# RECORDS FOR THIS EXERCISE
__________________________________________________

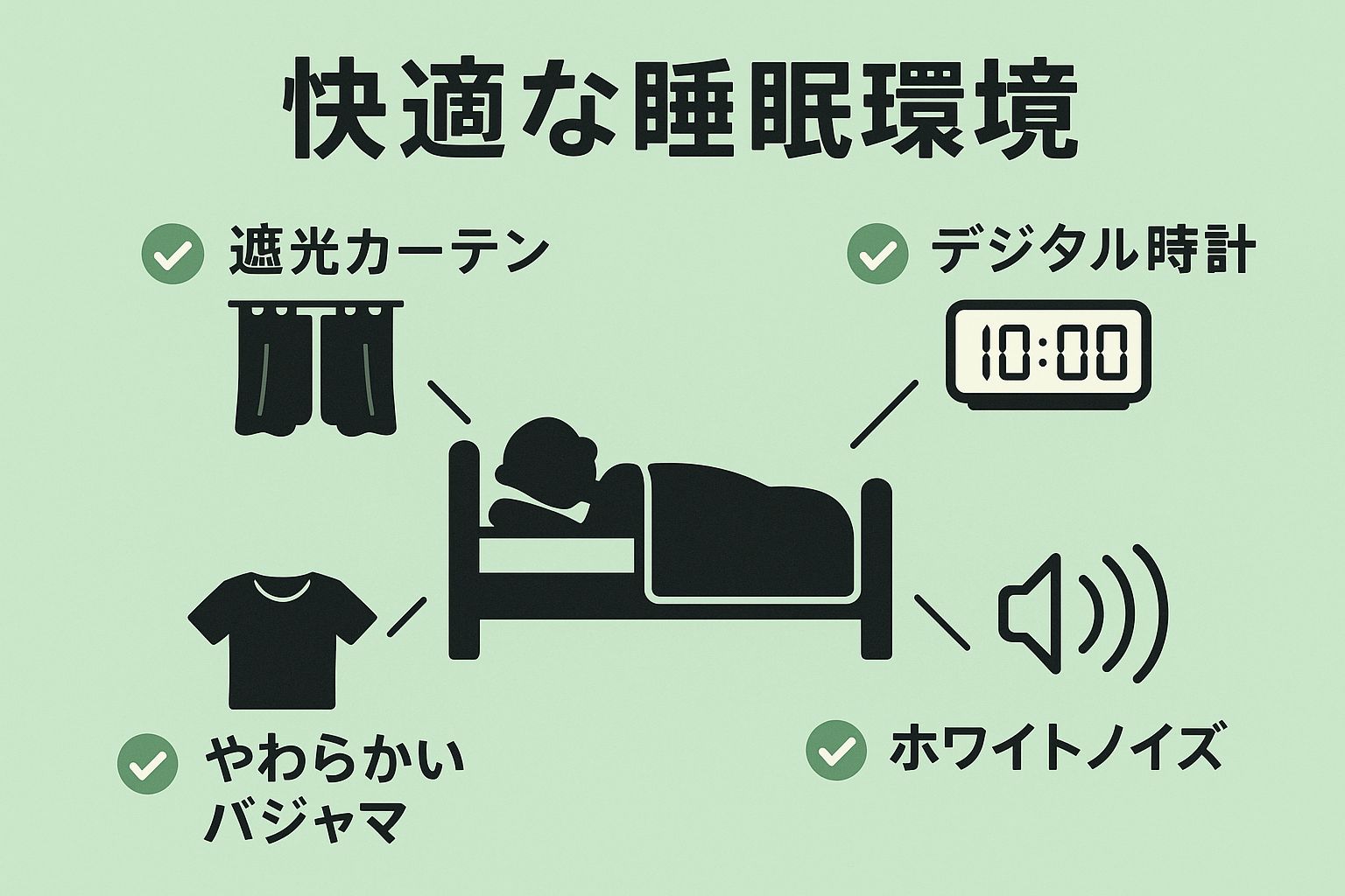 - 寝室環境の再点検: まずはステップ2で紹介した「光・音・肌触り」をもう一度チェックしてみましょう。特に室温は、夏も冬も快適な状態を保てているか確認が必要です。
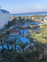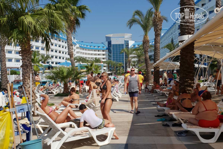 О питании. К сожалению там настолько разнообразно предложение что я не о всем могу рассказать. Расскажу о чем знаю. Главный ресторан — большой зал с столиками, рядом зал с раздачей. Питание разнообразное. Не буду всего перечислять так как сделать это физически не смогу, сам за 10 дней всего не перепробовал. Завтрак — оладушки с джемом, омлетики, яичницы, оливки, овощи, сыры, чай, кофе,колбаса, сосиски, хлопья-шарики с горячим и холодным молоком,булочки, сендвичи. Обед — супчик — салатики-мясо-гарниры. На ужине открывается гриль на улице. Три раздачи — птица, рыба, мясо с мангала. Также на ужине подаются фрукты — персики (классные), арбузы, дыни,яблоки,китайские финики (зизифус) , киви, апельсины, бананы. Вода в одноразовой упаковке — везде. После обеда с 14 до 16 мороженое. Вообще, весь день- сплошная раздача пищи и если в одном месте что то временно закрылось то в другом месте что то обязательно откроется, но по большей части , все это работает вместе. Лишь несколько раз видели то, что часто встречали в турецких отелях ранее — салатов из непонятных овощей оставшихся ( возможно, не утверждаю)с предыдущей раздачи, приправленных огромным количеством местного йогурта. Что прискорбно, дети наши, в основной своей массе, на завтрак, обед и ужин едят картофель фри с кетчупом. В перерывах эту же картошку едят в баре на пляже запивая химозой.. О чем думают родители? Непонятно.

__________________________________________________

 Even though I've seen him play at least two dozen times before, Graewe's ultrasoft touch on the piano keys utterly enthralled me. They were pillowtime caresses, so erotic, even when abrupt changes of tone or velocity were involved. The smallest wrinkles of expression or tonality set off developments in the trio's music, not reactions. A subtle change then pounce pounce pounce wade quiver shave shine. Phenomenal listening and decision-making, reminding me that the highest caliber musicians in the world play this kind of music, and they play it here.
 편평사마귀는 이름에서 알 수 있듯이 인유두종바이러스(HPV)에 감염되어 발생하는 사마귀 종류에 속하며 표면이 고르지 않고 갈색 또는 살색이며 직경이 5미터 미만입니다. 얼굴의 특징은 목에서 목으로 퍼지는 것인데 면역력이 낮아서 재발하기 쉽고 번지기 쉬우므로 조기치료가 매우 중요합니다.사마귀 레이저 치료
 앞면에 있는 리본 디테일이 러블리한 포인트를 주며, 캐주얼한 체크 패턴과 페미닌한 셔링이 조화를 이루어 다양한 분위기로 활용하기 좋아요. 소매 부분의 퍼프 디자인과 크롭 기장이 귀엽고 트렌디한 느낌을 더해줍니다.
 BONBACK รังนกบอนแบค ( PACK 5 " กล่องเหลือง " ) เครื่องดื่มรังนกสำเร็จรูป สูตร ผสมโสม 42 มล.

__________________________________________________

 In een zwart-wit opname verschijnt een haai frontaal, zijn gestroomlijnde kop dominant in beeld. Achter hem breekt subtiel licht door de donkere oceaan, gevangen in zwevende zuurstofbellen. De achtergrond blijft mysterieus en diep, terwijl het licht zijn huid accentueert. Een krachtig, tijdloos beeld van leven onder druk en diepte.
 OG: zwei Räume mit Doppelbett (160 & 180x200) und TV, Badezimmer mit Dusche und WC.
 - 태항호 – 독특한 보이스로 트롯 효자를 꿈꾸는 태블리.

__________________________________________________

From the entries above, return exactly the line containing "편평사마귀는 이름에서 알", the line containing "BONBACK รังนกบอนแบค ( PACK", and all lines between, and nothing else.

# ANSWER AREA
 편평사마귀는 이름에서 알 수 있듯이 인유두종바이러스(HPV)에 감염되어 발생하는 사마귀 종류에 속하며 표면이 고르지 않고 갈색 또는 살색이며 직경이 5미터 미만입니다. 얼굴의 특징은 목에서 목으로 퍼지는 것인데 면역력이 낮아서 재발하기 쉽고 번지기 쉬우므로 조기치료가 매우 중요합니다.사마귀 레이저 치료
 앞면에 있는 리본 디테일이 러블리한 포인트를 주며, 캐주얼한 체크 패턴과 페미닌한 셔링이 조화를 이루어 다양한 분위기로 활용하기 좋아요. 소매 부분의 퍼프 디자인과 크롭 기장이 귀엽고 트렌디한 느낌을 더해줍니다.
 BONBACK รังนกบอนแบค ( PACK 5 " กล่องเหลือง " ) เครื่องดื่มรังนกสำเร็จรูป สูตร ผสมโสม 42 มล.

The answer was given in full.